Offline growth is happening quickly, too. Print media is far from dead, and thanks to programmatic booking, killer performance metrics and new attention tracking capabilities, OOH advertising is increasingly becoming a key aspect of the savvy marketing mix.
Tell Those Stories
David Ogilvy, known as “the father of advertising,” wrote in the early 1980s that “On average, helpful information is read by 75% more people than copy which deals only with the product.”
In the digital age, it’s likely that “hard sell” marketing assets are tuned out by more than a quarter of audience members.
Today we have more control over our media experiences than ever before, and the data shows that we want content that is useful, informative, personally pertinent, contextually relevant, available on demand and beautifully crafted.
What are the best ways to get people to pay attention to your messaging? Skip the pitch and use storytelling to get them emotionally involved. Distribute your messaging in formats and contextual placements that align well with people’s lifestyles. Take smart cross-channel engagement goals into account.

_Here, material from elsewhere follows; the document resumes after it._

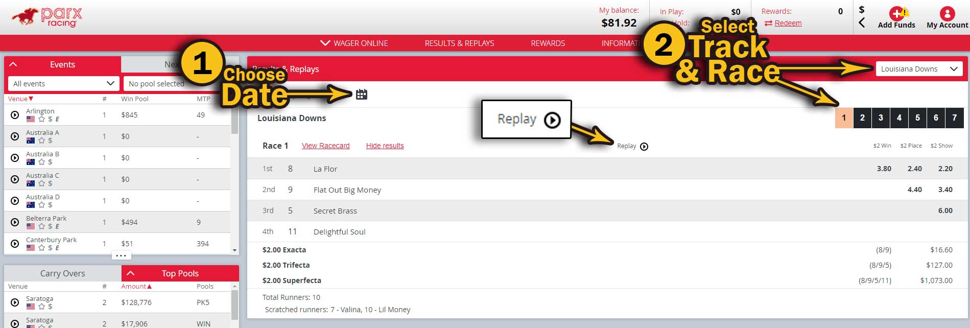 Using the Bet Pad, choose the track name then race number from the race selector. The results for that race will appear on the Bet Pad. Replay is available if you see
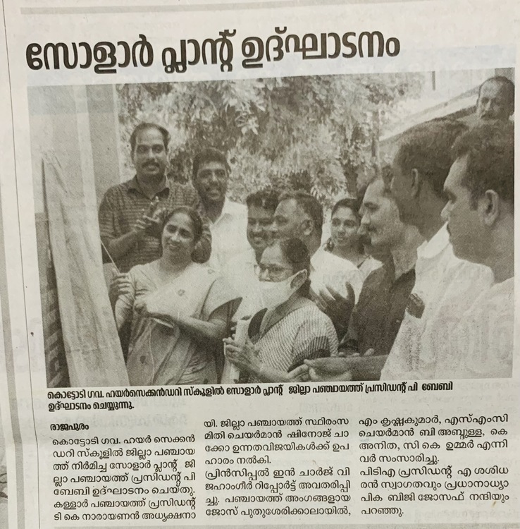 | 10:59, 8 ജൂലൈ 2022 | INAGURATION OF SOLAR PLANT.jpeg (പ്രമാണം) | 87 കെ.ബി. | ജില്ലാ പഞ്ചായത് നിർമിച്ച സോളാർ പ്ലാന്റ് ഉത്ഘാടനം ജില്ലാ പഞ്ചായത് പ്രസിഡന്റ് ശ്രീമതി പി . ബേബി ബാലകൃഷ്ണൻ നിർവഹിക്കുന്നു | 1 | |

Creating video clips that feel like movies, or that provide useful tips, might seem on the surface like a hopelessly indirect way to drive revenues, but infotainment commands attention beautifully and encourages viral shares. Buying rotation spots on digital video screens in public places might seem on the surface like an outdated tactic, but with the right creative, it can be exactly what people want to see in the context of what they’re doing.